Гришин повернулся к князю:
— Позвольте, ваше высокородие, вопрос?
Тот кивнул.
— Вы ведь любили мадемуазель?
— Это имеет отношение к делу?
— Самое непосредственное. Вы любили, были с ней близки, а теперь мстите. За что?.. Только за то, что она стала несчастной и обездоленной? За то, что ее вышвырнули из театра и она стала никем? За то, что от отчаяния стала искать правду в этой жизни и стала жертвой этих поисков? За это ей мстите? Или за то, что она до сих пор живет памятью безумного поэта, по безумным следам которого решила пойти?.. Что вам не дает покоя, князь? Почему вы так жадно набросились на несчастную девушку, будто у нас нет иных, более значимых для отечества и времени дел? Страна гибнет во лжи, бесправии, воровстве и предательстве. Вы же ловите по сути своей неопасных и беспомощных женщин. Зачем? Почему? Ответьте мне как мужчина! А вы ведь особой стати мужчина, для которого честь и гордость не пустые звуки!.. Я жду.
Гришин смотрел на бледного, с выступившими желваками на скулах князя, который продолжал так же монотонно раскачиваться с носка на пятку.
Икрамов ответил не сразу, неторопливо и тихо:
— К сожалению… или к счастью… допрос ныне проводите не вы, Егор Никитич. Поэтому на все ваши вопросы отвечу я сам себе, а вас сейчас проводят в пыточную, где вы вспомните все, о чем забыли по пьяной голове и по трезвой тоже. Благо что вы сами не однажды бывали в тех «апартаментах» и знаете все прелести экзекуций.

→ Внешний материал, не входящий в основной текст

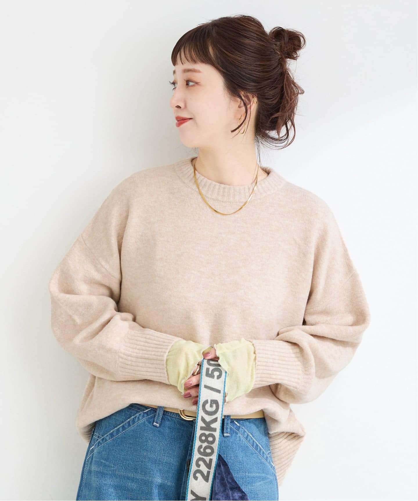 ポリウレタン混でストレッチ性のあるもちもちとした触り心地が特徴で、ビッグサイズになりすぎず、レイヤード可能な程よいサイズ感。定番のクルーネックニットはシンプルながらこだわりの詰まった女性らしいシルエットの一枚に仕上げています。

Пытали Егора Никитича в той же пыточной, в которой некогда пытали пана Тобольского. Те же самые могучие палачи — их было двое — поставили Гришина перед собой, надели тяжелые наручники на ноги и руки, вопросительно посмотрели на пишущего что-то в журнале Потапова.

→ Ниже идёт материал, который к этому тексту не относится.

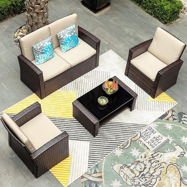 Material:Steel frame+ PE rattan+cushion+5mm tempered glass

— Готовы, Георгий Петрович.
Тот оторвался от письма, кивнул:
— Начинайте.
— Может, пару вопросиков для затравки, Георгий Петрович? — насмешливо спросил Егор Никитич. — Как-то веселее будет.
— После массажа, Егор Никитич… После него ты станешь и веселей, и покладистей.
Палачи стали медленно крутить цепи, шестеренки затрещали, застучали, ноги Гришина стали медленно расходиться по сторонам, руки заламываться назад. Суставы выворачивались, хрустели, голова произвольно запрокидывалась, тело начинало медленно и беспомощно подниматься к потолку, и Егор Никитич не выдержал, закричал громко и страшно.
Пролетка с Михелиной остановилась возле ресторанчика «Мадам Одесса». Девушка легко соскочила на мостовую, выбрала местечко на террасе так, чтобы хорошо была видна улица.
Подошел официант. Она распорядилась:
— Стаканчик сельтерской.
— Может, красного вина, мадемуазель?
— Сельтерской!
Официант послушно ушел. Миха достала из сумочки модный журнал и стала листать его.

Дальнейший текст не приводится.